Police release most Iraqi deportee protesters
Iraqi refugees at Migrationsverket custody centre in Märsta, November
Swedish police said they have released 24 of the 25 people who had protested outside an asylum seeker detention centre Stockholm early Wednesday, where they were reportedly trying to stop a mass deportation to Iraq.

Police were still holding one unidentified person, but had released the other 24 shortly after removing them from the protest site, Stockholm police spokesman Ulf Göranzon told AFP.

The 25 were reportedly part of a group of between 50 and 100 protesters demonstrating outside the detention centre near Stockholm in a bid to block the deportation of up to 20 Iraqis denied asylum in Sweden.

The Swedish section of Amnesty International, which has asked Immigration Minister Tobias Billström to halt the return of Iraqis, said some 14 people would be sent back Wednesday, while tabloid Aftonbladet said 20 Iraqis would be on the plane. Swedish border police refused to say if the deportation had taken place.

Wednesday’s arrests came a day after some 70 people were detained after demonstrating outside offices of the Swedish National Migration Board (Migrationsverket) near the southwestern city of Gothenburg and amid rising criticism of the deportations.
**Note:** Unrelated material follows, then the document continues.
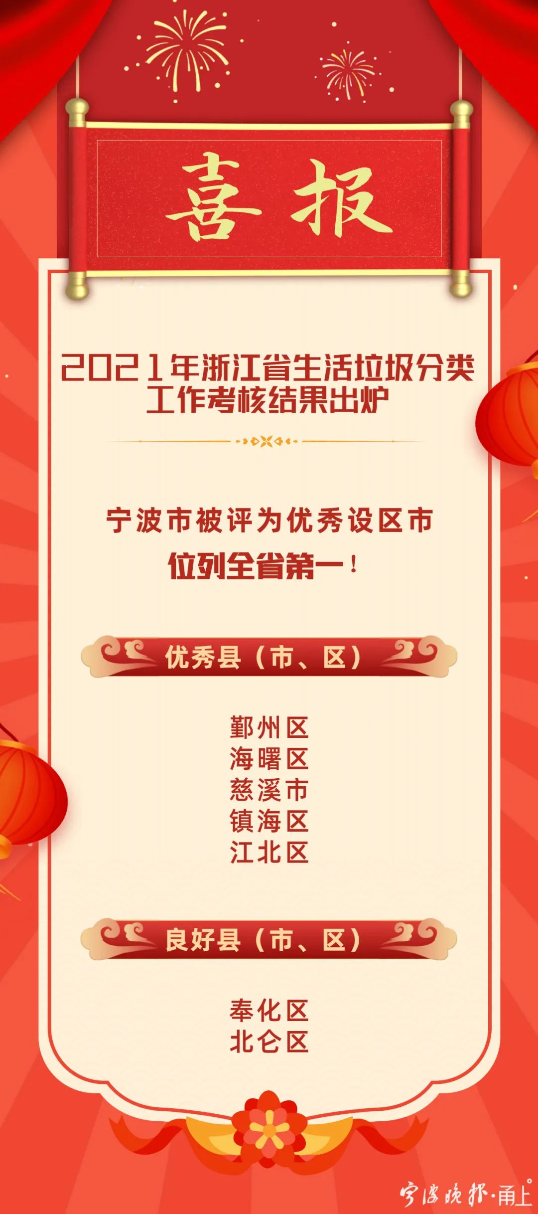日前,浙江省生活垃圾分类工作领导小组发布了《2021年度全省生活垃圾分类工作考核评估结果的通报》,宁波市列设区市第一名,同时鄞州区、海曙区、慈溪市、镇海区、江北区被评为优秀县(市、区),奉化区和北仑区被评为良好县(市、区)。

In addition to Amnesty, the Christian Council of Sweden has called for a suspension of deportations to Iraq, especially of members of ethnic or religious minority groups in that country.

The United Nation’s refugee agency, UNHCR, on Tuesday expressed strong concern at reports that Sweden planned to send 25 Iraqis back to Baghdad despite repeated warnings that conditions are unsafe there.

The agency has over the past year repeatedly cautioned the UK and several Nordic nations not to send Iraqis back to central parts of Iraq because of persistent violence.

Swedish immigration authorities ruled in 2007 that “there is no armed conflict in Iraq” and that it was therefore acceptable to return Iraqi citizens to their country. The ruling meant that Iraqis were no longer automatically granted asylum.

Tens of thousands of Iraqis have fled the war in their country to resettle in Sweden, with official statistics showing 117,900 people born in Iraq lived in the Scandinavian country in 2009, up from 49,400 in 2000.